WRT A1/2 I'd rather not change the behavior of an existing (and widely used) pattern field. But wouldn't just using [Auth] always do what you want?

On the 2nd bullet.... would that require a toggle? In Zotero the proposed algorithm, is always going to find the (sole) version, so I'm fine with [auth] doing that, as it doesn't in practice entail a behavior change.

Currently BBT does only one thing with the Zotero language field, which is deciding whether to TitleCase certain fields. BBT never had access to field-specific language settings, so we're free to decide how to deal with those.

duncdrum commented 8 years ago

Yes you are correct in the first case [Auth] should work. In the second case we have to keep in mind that while most people have use for romanised transcription in biblatex, not everybody is using latinised transcriptions . Maybe somebody transcribes arabic into hebrew? The toggle just declares I use the alphabet (and other things). Whereas no toggle says thank you no use for alphabet.

retorquere commented 8 years ago

But in the case you describe, there would be no latin fallback, so it'd just pick the primary language.

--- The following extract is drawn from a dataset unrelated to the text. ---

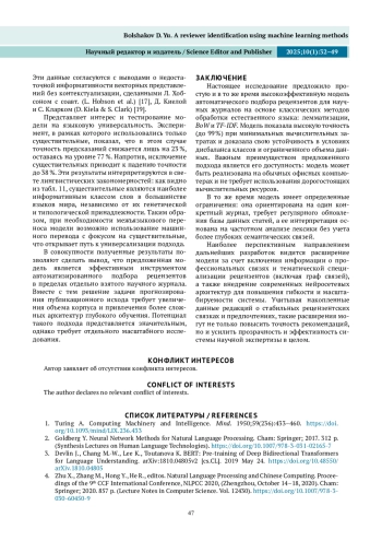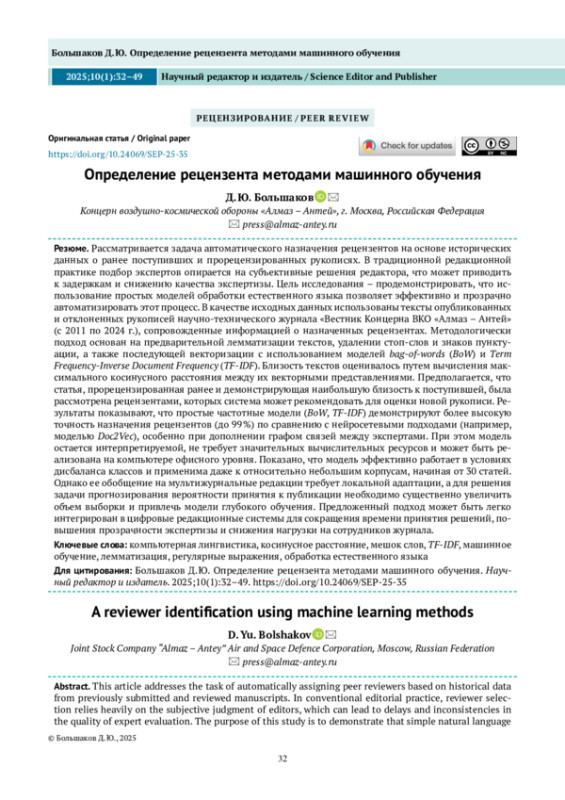 Рассматривается задача автоматического назначения рецензентов на основе исторических данных о ранее поступивших и прорецензированных рукописях. В традиционной редакционной практике подбор экспертов опирается на субъективные решения редактора, что может приводить к задержкам и снижению качества экспертизы. Цель исследования – продемонстрировать, что использование простых моделей обработки естественного языка позволяет эффективно и прозрачно автоматизировать этот процесс. В качестве исходных данных использованы тексты опубликованных и отклоненных рукописей научно-технического журнала «Вестник Концерна ВКО «Алмаз – Антей» (с 2011 по 2024 г.), сопровожденные информацией о назначенных рецензентах. Методологически подход основан на предварительной лемматизации текстов, удалении стоп-слов и знаков пунктуации, а также последующей векторизации с использованием моделей bag-of-words (BoW) и Term Frequency-Inverse Document Frequency (TF-IDF). Близость текстов оценивалось путем вычисления максимального косинусного расстояния между их векторными представлениями. Предполагается, что статья, прорецензированная ранее и демонстрирующая наибольшую близость к поступившей, была рассмотрена рецензентами, которых система может рекомендовать для оценки новой рукописи. Результаты показывают, что простые частотные модели (BoW, TF-IDF) демонстрируют более высокую точность назначения рецензентов (до 99 %) по сравнению с нейросетевыми подходами (например, моделью Doc2Vec), особенно при дополнении графом связей между экспертами. При этом модель остается интерпретируемой, не требует значительных вычислительных ресурсов и может быть реализована на компьютере офисного уровня. Показано, что модель эффективно работает в условиях дисбаланса классов и применима даже к относительно небольшим корпусам, начиная от 30 статей. Однако ее обобщение на мультижурнальные редакции требует локальной адаптации, а для решения задачи прогнозирования вероятности принятия к публикации необходимо существенно увеличить объем выборки и привлечь модели глубокого обучения. Предложенный подход может быть легко интегрирован в цифровые редакционные системы для сокращения времени принятия решений, повышения прозрачности экспертизы и снижения нагрузки на сотрудников журнала.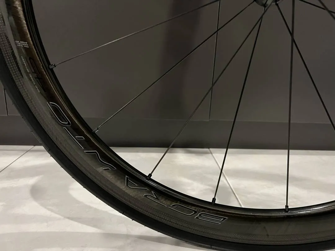 Wheelset: Campagnolo Bora WTO 45 Rim Brake (tubeless ready, used for 1 year) with Maxxis High Road SL tyres (3 months old)

The toggle wouldn't actually change the behavior in this case.

duncdrum commented 8 years ago

I might have misunderstood you, what would be the default behaviour: in BBT preferences I change the citationkeyformat to [jurism] which uses [Auth], [Title] instead of [auth],[title] resulting 名字-題名-2001 If I also select "force citation key to ascii" we would use the romanised transcriptions where they are present, to get hanzi_timing_2001 and [auth] as it does now for english works?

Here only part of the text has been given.